いちいさんはリビングで立ち止まると『少々お待ちください』と言って、暖炉脇の猟銃を取り出して、ガンホルダーにセットすると颯爽と背中に担いだ。
……かっこいい!
「使う機会がないとは思いますが……念のために」
そう言って、いちいさんは引き出しから掴んだ予備の弾をポケットに押し込んだ。
竜宮に着いてから毎日、みんなで島を探検しながら、あれは食べられる、これは食べたらいけないって話を、ふたみさんからちょいちょい教えてもらってきた。
オレでも島のどこらへんに行けば食べられる物があるか、ぼんやりわかる。
オレより熱心にふたみさんの話を聞いていたいちいさんには、明確に食料のありかがわかっているようだった。

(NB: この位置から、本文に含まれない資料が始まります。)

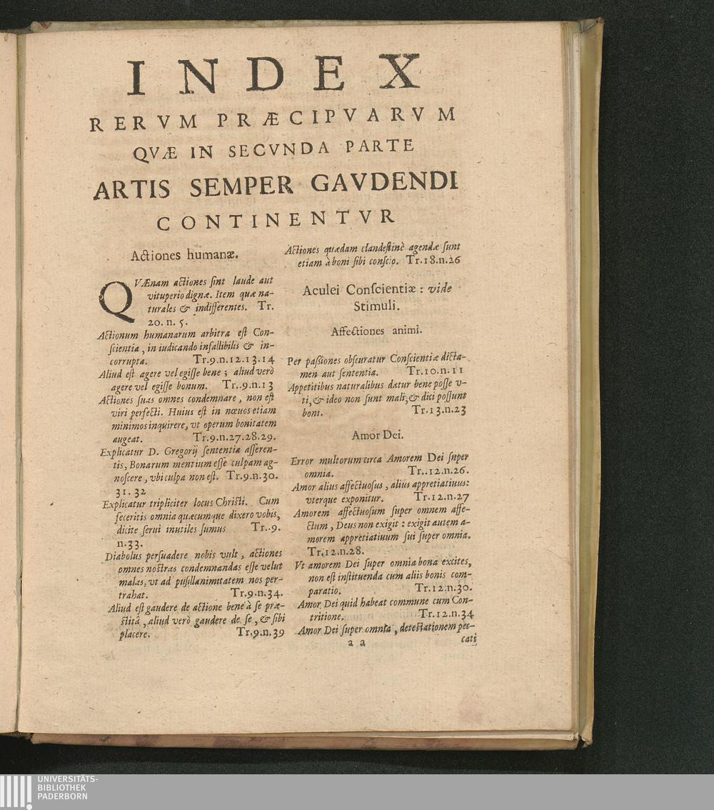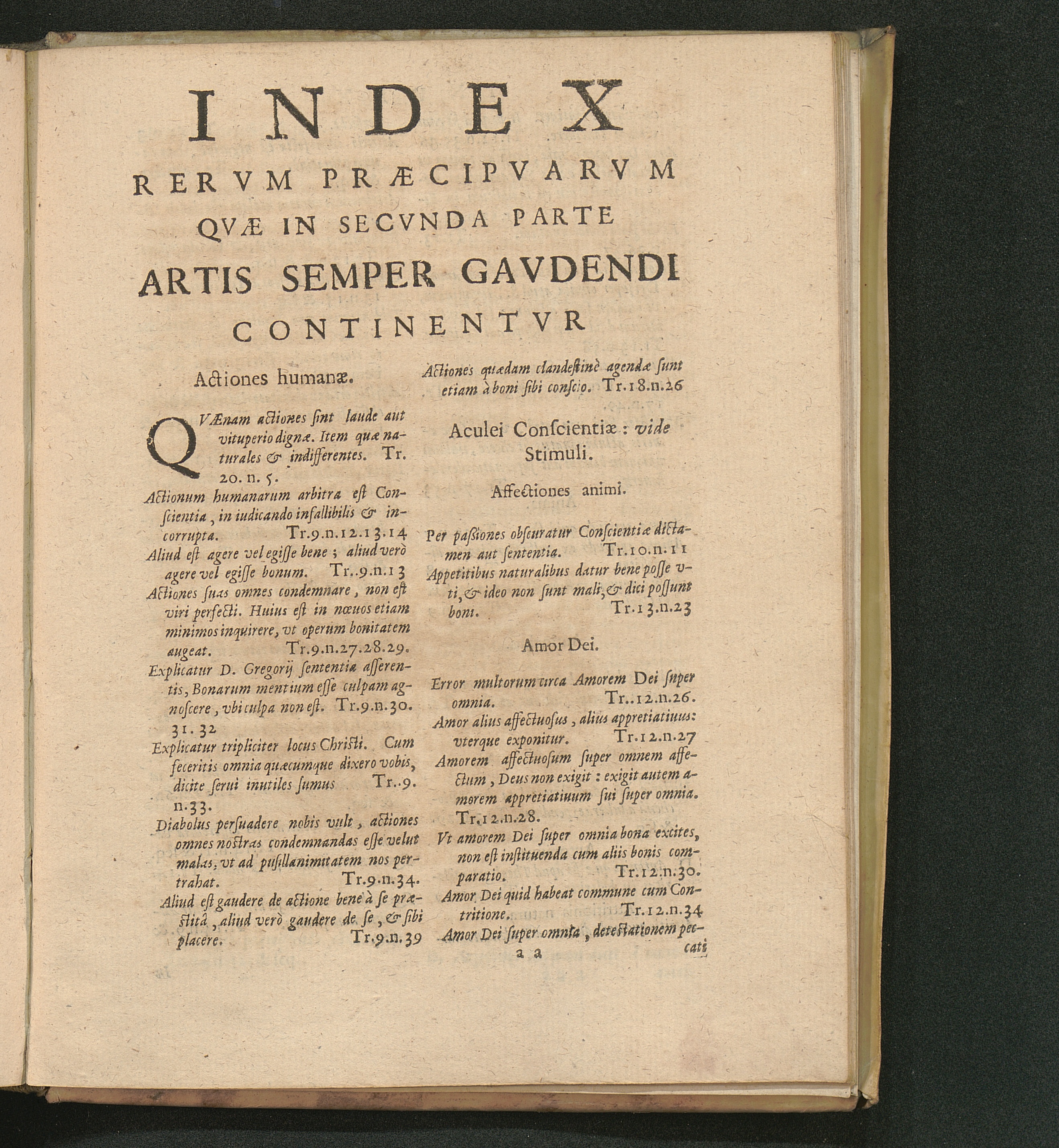 Index Rervm Praecipvarvm Qvae In Secvnda Parte Artis Semper Gavdendi Continentvr
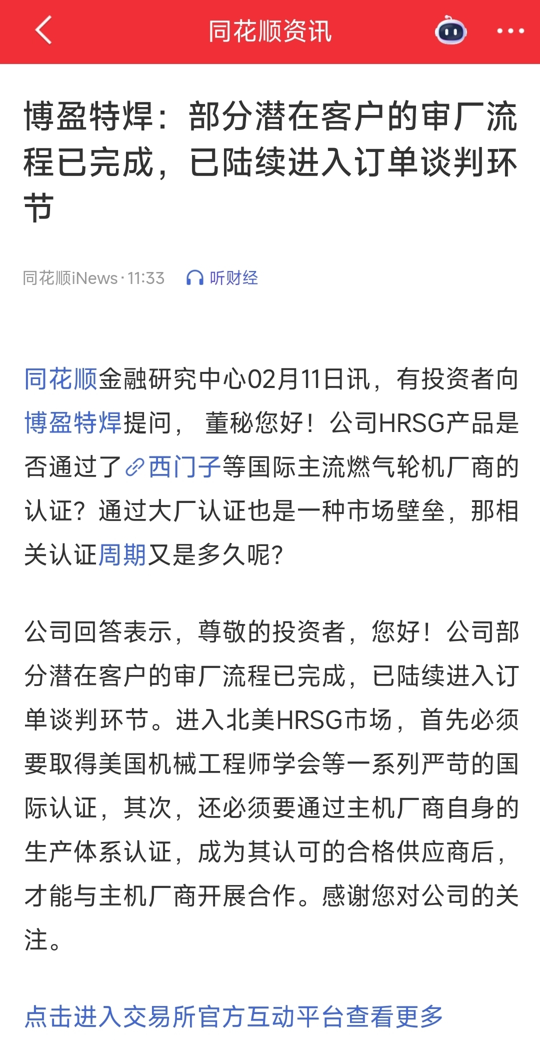 $博盈特焊(SZ301468)$ 最新互动易审厂通过,开始谈订单跟之前的订单传闻对上了gev签订2.5-3亿元订单,5月将与西门子签订十亿元订单。$杰瑞股份(SZ002353)$ $应流股份(SH603308)$

「この先が釣りスポットらしいですが、私は釣りがどうも苦手で……」
いちいさんが眉を下げた。
「竿があれば、オレが釣りますよ?」
「昨日の嵐で、海はまだ荒れているようですし、そうでなくとも断崖絶壁で危険らしいですので、魚は諦めましょうか」
「わかりました。あげはじゃないですけど、いつみさんがいたら良かったですね。いつみさんがいつも日焼けしてるのって、釣り焼けかと思ってたら、訓練焼けもあったんですね」
「ああ、ええ」
いちいさんは、いつみさんの話になると何だか歯切れが悪い。
気になったので思い切って聞いてみると『護群の素性は、明かしてはならない決まりですので、五位が護群だという話は、どうにも気が引けまして……』と、小さくため息をついた。

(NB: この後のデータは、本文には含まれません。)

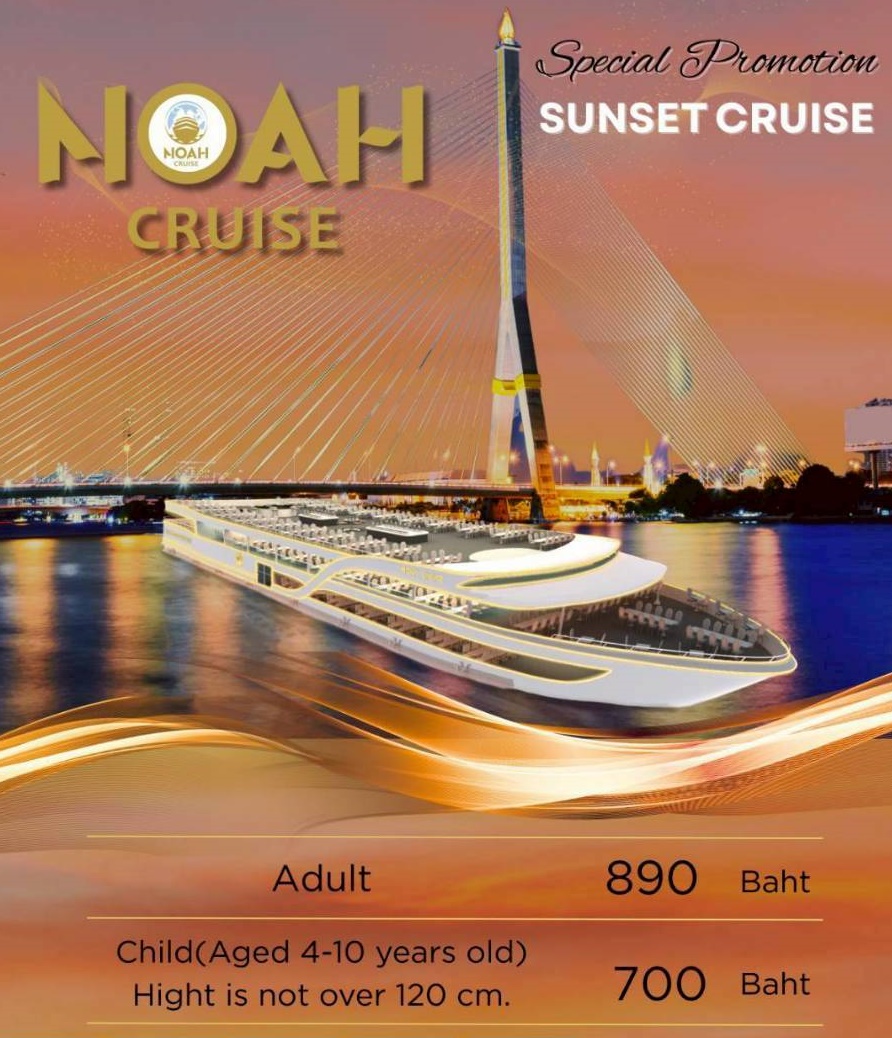 ล่องเจ้าพระยาดินเนอร์ บัตรราคาพิเศษ เรือโนอาห์ NOAH CRUISE เรือดินเนอร์ลำใหญ่ 3 ชั้นตกแต่งสุดหรู ชั้น 1 และ ชั้น 2 เป็นห้องแอร์เย็นฉ่ำ หน้าต่างกระจกบานใหญ่ มองเห็นวิวชัด ชั้น 3 (ดาดฟ้า) เป็นโซน open air รับลมธรรมชาติ มองเห็นวิว 360 องศา และมีห้องวีไอพีสำหรับความเป็นส่วนตัว รองรับในวาระอันสำคัญของท่าน พร้อมพาคุณล่องแม่น้ำเจ้าพระยา อิ่มเอมกับอาหารชั้นเลิศ วิวเมืองยาม ค่ำคืน สัมผัสมื้อค่ำสุดหรูพร้อมบุฟเฟ่ต์และดนตรีสด พร้อมวิวแลนด์มาร์ค สวย ๆ ของกรุงเทพฯ เส้นทางการล่องเรือที่ผ่านจุดสำคัญมากมายของกรุงเทพฯ ระหว่างทาง ท่านจะได้สัมผัส บรรยากาศวิถีชีวิตริมแม่น้ำ และสถานที่สำคัญทางประวัติศาสตร์น่าสนใจ ที่อยู่สองฝั่งแม่น้ำ เป็นอีกหนึ่งประสบการณ์ที่น่าประทับใจสำหรับช่วงเวลาพิเศษของท่าน ดื่มด่ำกับทัศนียภาพอันตระการตาของแม่น้ำเจ้าพระยา อันเปรียบเสมือนเส้นเลือดหล่อเลี้ยงวิถีชีวิต ของชาวไทยมาแต่โบราณกาล พร้อมอิ่มอร่อยกับบุฟเฟ่ต์อาหารไทยและอาหารนานาชาติกว่า 30 รายการ ล้วนแล้วแต่เป็นเมนูยอดนิยม ไม่ว่าจะเป็น ซูชิ ซาชิมิ อาหารทะเล อาหารมังสวิรัติ ขนมไทย ขนมเค้ก ผลไม้ประจำฤดูกาล รวมถึงชาและกาแฟ เสิร์ฟค่ำคืนแห่งความประทับใจ และบรรยากาศสุดโรแมนติก ที่คุณจะไม่มีวันลืม 1. โปรแกรมล่องเรือรอบดูอาทิตย์ตก (Sunset) ราคาโปรโมชั่น ผู้ใหญ่ 890.- (ปกติ 1,500.-) เด็ก (4-10 ปี) 700.- (ปกติ 1,000.-) *จอง 2 ท่านขึ้นไป มีส่วนลด* ![]() ![]() 2. โปรแกรมล่องเรือดินเนอร์ดูแสงสีค่ำคืน Dinner ราคาโปรโมชั่น

『オレ、絶対誰にも言いません。いや、つい出ちゃうといけないし、普段から護群の話はしないようにします』と言うと、いちいさんは『そうしていただけると助かります。護群に関しましては、鎧鏡の警備の最重要事項ですので』と、にっこり頷いた。
「もう少し行ったところに、ガマズミの実がなっていたと思います。その周りに山菜もあったはずですので、天ぷらにでも……。あ、小麦粉は無事だといいのですが……」
「ダメでも実がありますから。この時期に、食べられる実のなる木があって助かりましたよね」
「本当ですね。ガマズミは、本州あたりですと、もう落ちている頃らしいですが……あ!」
「え?」
「昨夜の嵐で、実が落ちていないといいのですが……」
「あ……」
「落ちてしまったかもしれないと思うと、無性に食べたくなりますね」
心なしか、さっきよりも歩く速度を上げたいちいさんのあとをついていくと、前方に、真っ赤な実をたくさんつけたガマズミの木が見えてきた。
「ああ、良かった!嵐でも落ちなかった実です。受験生の雨花様のゲン担ぎには、うってつけですね」
「あ、本当ですね!おなかいっぱい食べないと」
いちいさんと二人、笑いながらガマズミの実を摘んだ。